Gisteren verscheen eveneens in De Tijd dat het Rekenhof heeft berekend dat meer dan 40 miljard euro zwart kapitaal tijdens de fiscale regularisatierondes van 2006 tot 2013 (destijds werden immers doorgaans enkel de fiscaal nog niet verjaarde roerende inkomsten geregulariseerd) niet mee geregulariseerd is geworden. Nog los van het gegeven dat uiteraard niet mag voorbij gegaan worden aan het feit dat niet in elk dossier het onderliggend kapitaal (al dan niet volledig) problematisch zal zijn geweest, is dit opnieuw een aanwijzing dat de overheid toch een heel duidelijk beeld aan het verkrijgen is van waar een belangrijke bron van inkomsten zou kunnen zitten om de diepe putten van de schatkist te vullen.

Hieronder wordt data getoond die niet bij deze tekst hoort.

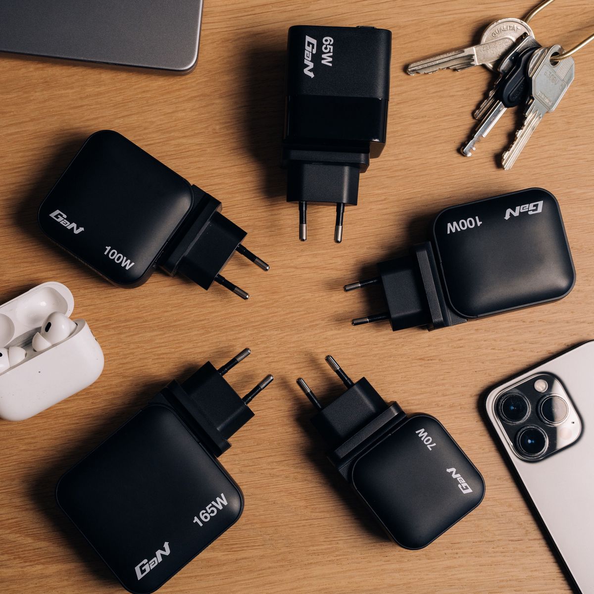 The Vertbatim® 100-Watt Mini GaN Charger combines 3 USB-C® and 1 USB-A port into a compact, pocket-sized design. Capable of charging up to 4 devices simultaneously, the USB-C® ports support PD 3.0 (Power Delivery) at 100 watts, with 1 supporting PD 3.0 at 20 watts, while the USB-A port supports QC 3.0. This mini GaN charger features an advanced chipset that allows for an even more compact design than regular GaN chargers without sacrificing power. This innovative technology not only reduces the charger's size but also minimizes heat generation, delivering safer and more efficient charging in a portable form factor. This charger supports USB Power Delivery 3.0, PPS, and Quick Charge 3.0, 4, and 4+ standards. The compact design of this charger includes foldable US prongs, and replaceable EU and UK plugs, making it ideal for the office, home, or traveling to power your laptop, tablet, smartphone, gaming devices, and more. Built from flame-resistant polycarbonate, the 100-Watt Mini GaN Charger comes in eco-friendly packaging with a 1-year warranty.
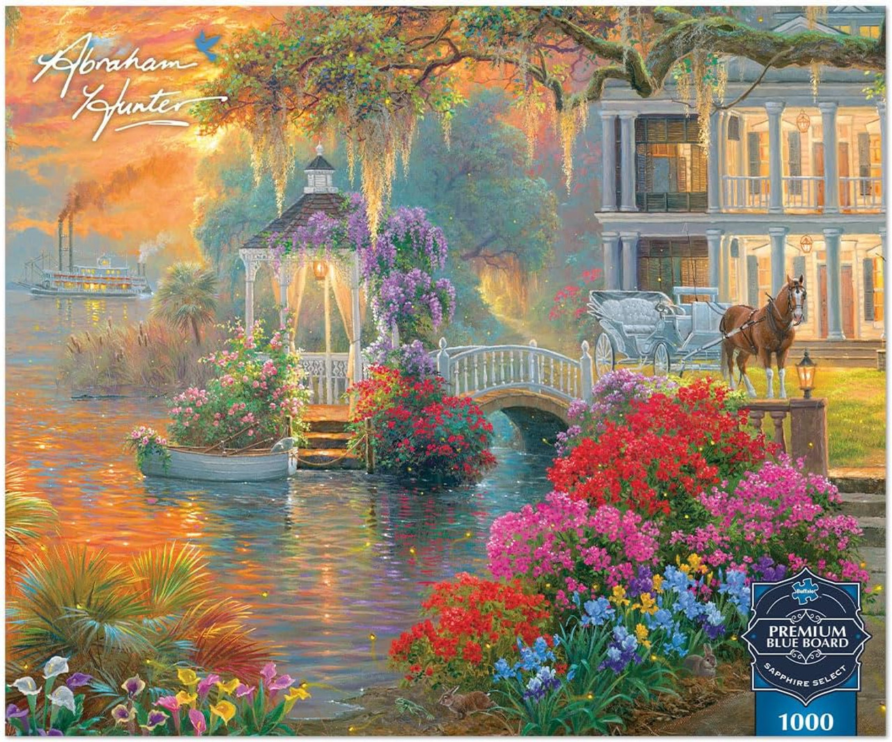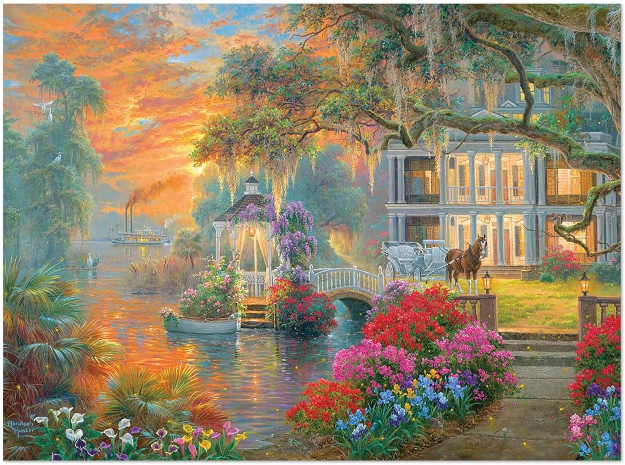 Southern Charm: Bring Abraham Hunter's stunning depictions of country life into your home with this 1000 piece jigsaw puzzle. A colorful and difficult puzzle for adults who love a challenge.

De huidige rechtspraak maakt het de belastingplichtige overigens ook niet gemakkelijk. Om voor een witwasmisdrijf te worden veroordeeld, is vereist dat de strafrechter elke legale oorsprong van de vermogensvoordelen kan uitsluiten. Het Hof van Cassatie diende zich recentelijk uit te spreken over de bewijsvoering die geldt om elke legale oorsprong te kunnen uitsluiten. Het Hof leidt, in een arrest dd. 13 oktober 2020 uit het principe dat het bewijs in strafzaken vrij is, af dat het aan de strafrechter toekomt om de voorgelegde gegevens te beoordelen. Hieruit volgt, volgens het Hof, dat de strafrechter hierbij rekening mag houden met alle vermoedens van feitelijke aard (in casu in het nadeel van de belastingplichtige). De facto leidt deze uitspraak er toe dat belastingplichtigen met een erg zware bewijslast worden opgezadeld. Deze bewijslast zou er dan dikwijls op neerkomen dat de belastingplichtige als het ware een privé-boekhouding moet voeren – en vele jaren bijhouden aangezien de strafvordering dikwijls pas jaren later wordt ingesteld – waarbij lacunes hard kunnen worden afgestraft.

Het net rond de fiscale zondaar is omzeggens toe. Wie eruit wil, zal moeten betalen. Het spreekt voor zich dat dit beter proactief gebeurt door een doorgedreven en doordachte regularisatie door te voeren dan dat men afwacht tot men door de overheid hiertoe wordt aangesproken.